4. The antenna unit of claim 1, wherein the M feed arms are four feed arms, the four feed arms form two feed arm groups, each feed arm group comprises two feed arms symmetrically arranged, and a symmetry axis of one feed arm group is orthogonal to a symmetry axis of another feed arm group;

the signal source electrically connected with the first feed portion and the signal source electrically connected with the second feed portion have the same amplitude and the phase difference is 180 degrees, and the first feed portion and the second feed portion are feed portions respectively electrically connected with two feed arms in the same feed arm group.

5. The antenna element of claim 4, wherein said two sets of feed arms are located on the same plane, and the feed arms of any one set of feed arms are distributed on the symmetry axis of the other set of feed arms.

6. The antenna element of claim 4, wherein said metal recess is a rectangular recess, and wherein said two sets of feed arms comprise a first set of feed arms and a second set of feed arms, the feed arms of said first set of feed arms being distributed along a first diagonal of said metal recess, and the feed arms of said second set of feed arms being distributed along a second diagonal of said metal recess.

7. The antenna element of claim 1, further comprising a first insulator disposed within said metal groove, said first insulator carrying said M feed arms;

wherein, for each of the feeding portions, the feeding portion passing through the first insulator is electrically connected to one feeding arm, respectively.

8. The antenna element of claim 7, wherein said M feed arms are carried on said first insulator;

the antenna unit further comprises a second insulator arranged in the metal groove, the second insulator is arranged on a first side of the first insulator, and the first side is the side, where the M feed arms are located, in the first insulator.

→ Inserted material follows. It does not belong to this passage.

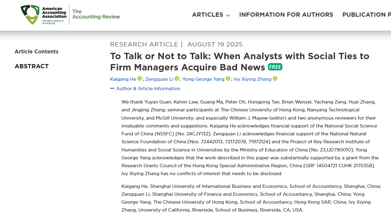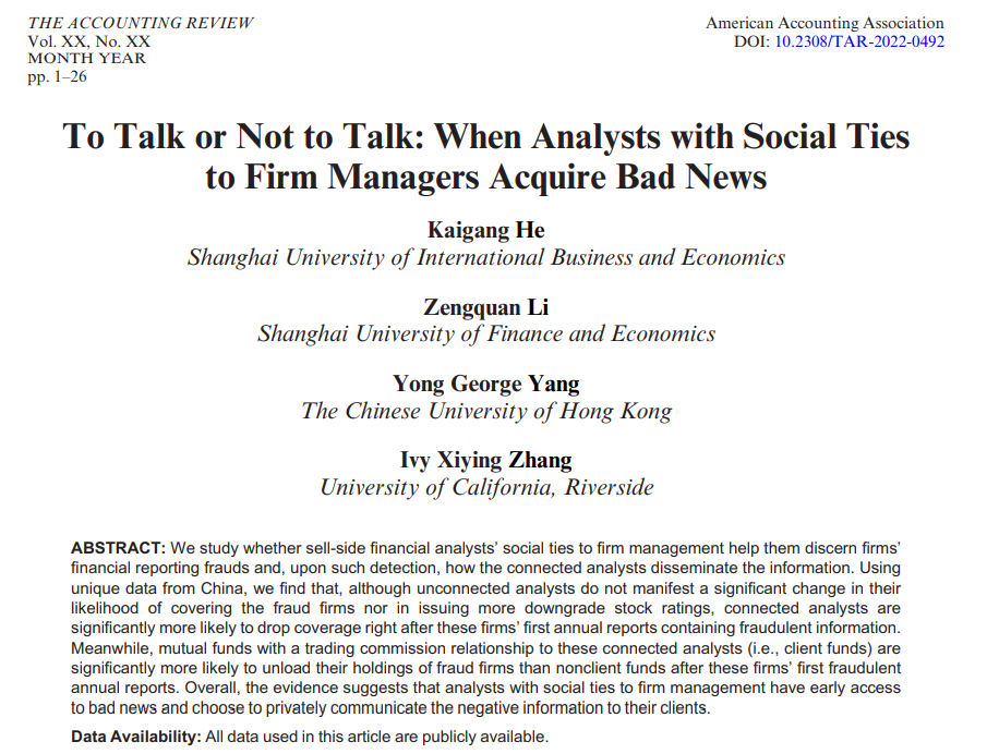 近期,我校會(huì)計(jì)學(xué)院何開剛副教授與其研究團(tuán)隊(duì)合作撰寫的《To Talk or Not to Talk: When Analysts with Social Ties to Firm Managers Acquire Bad News》一文發(fā)表于《The Accounting Review》。《The Accounting Review》雜志創(chuàng)刊于1926年,由美國會(huì)計(jì)學(xué)會(huì)(AAA)主辦,是會(huì)計(jì)學(xué)領(lǐng)域最具影響力的三大頂級(jí)期刊之一,被列入UTD24國際頂尖商學(xué)期刊目錄,被我校列為國際一類期刊。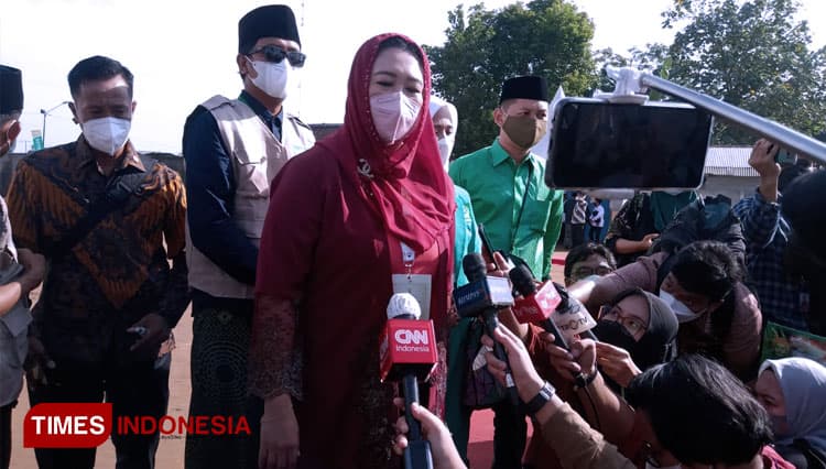 TIMES Bondowoso/Putri Abdurrahman Wahid (Gus Dur) Yeny Wahid saat diwawancarai oleh awak media. (FOTO: Moh Ramli/TIMES Indonesia)

9. The antenna element of claim 8, wherein said second dielectric body is flush with a surface of said metal recess at which said opening is located.

10. A terminal device, characterized in that it comprises at least one antenna unit according to any of claims 1 to 9.

11. A terminal device according to claim 10, characterized in that at least one first recess is provided in the housing of the terminal device, each antenna element being arranged in one first recess.

12. A terminal device according to claim 10, characterised in that the metal recess in the antenna unit is part of the housing of the terminal device.